The records below hold a stretch from the line with "Beginn des Zubaues beim Feuerwehrhaus." through the line with "Aufgrund des akuten"; return exactly those lines, ends included, and nothing more.

* [DATA SECTION]
--*--

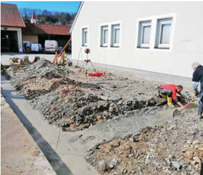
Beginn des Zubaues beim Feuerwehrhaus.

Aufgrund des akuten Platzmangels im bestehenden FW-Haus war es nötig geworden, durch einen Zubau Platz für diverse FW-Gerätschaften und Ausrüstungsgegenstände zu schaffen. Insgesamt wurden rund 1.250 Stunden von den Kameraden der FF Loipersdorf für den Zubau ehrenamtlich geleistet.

--*--

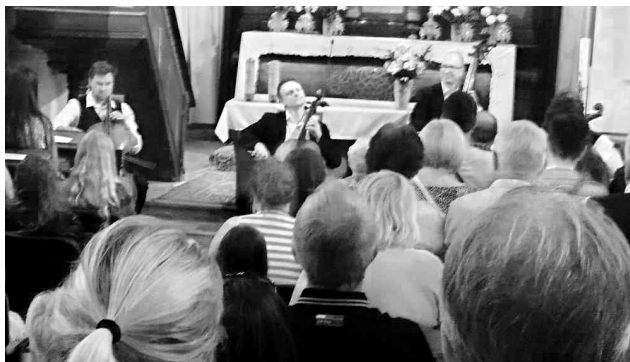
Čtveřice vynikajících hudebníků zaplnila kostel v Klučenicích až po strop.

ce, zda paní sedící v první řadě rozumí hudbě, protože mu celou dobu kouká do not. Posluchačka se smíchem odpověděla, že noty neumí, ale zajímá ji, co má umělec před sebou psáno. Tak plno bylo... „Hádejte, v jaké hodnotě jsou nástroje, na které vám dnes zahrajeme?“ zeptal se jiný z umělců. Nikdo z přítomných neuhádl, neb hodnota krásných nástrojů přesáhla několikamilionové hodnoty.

--*--

* [WRITTEN RESPONSE]
Beginn des Zubaues beim Feuerwehrhaus.

Aufgrund des akuten Platzmangels im bestehenden FW-Haus war es nötig geworden, durch einen Zubau Platz für diverse FW-Gerätschaften und Ausrüstungsgegenstände zu schaffen. Insgesamt wurden rund 1.250 Stunden von den Kameraden der FF Loipersdorf für den Zubau ehrenamtlich geleistet.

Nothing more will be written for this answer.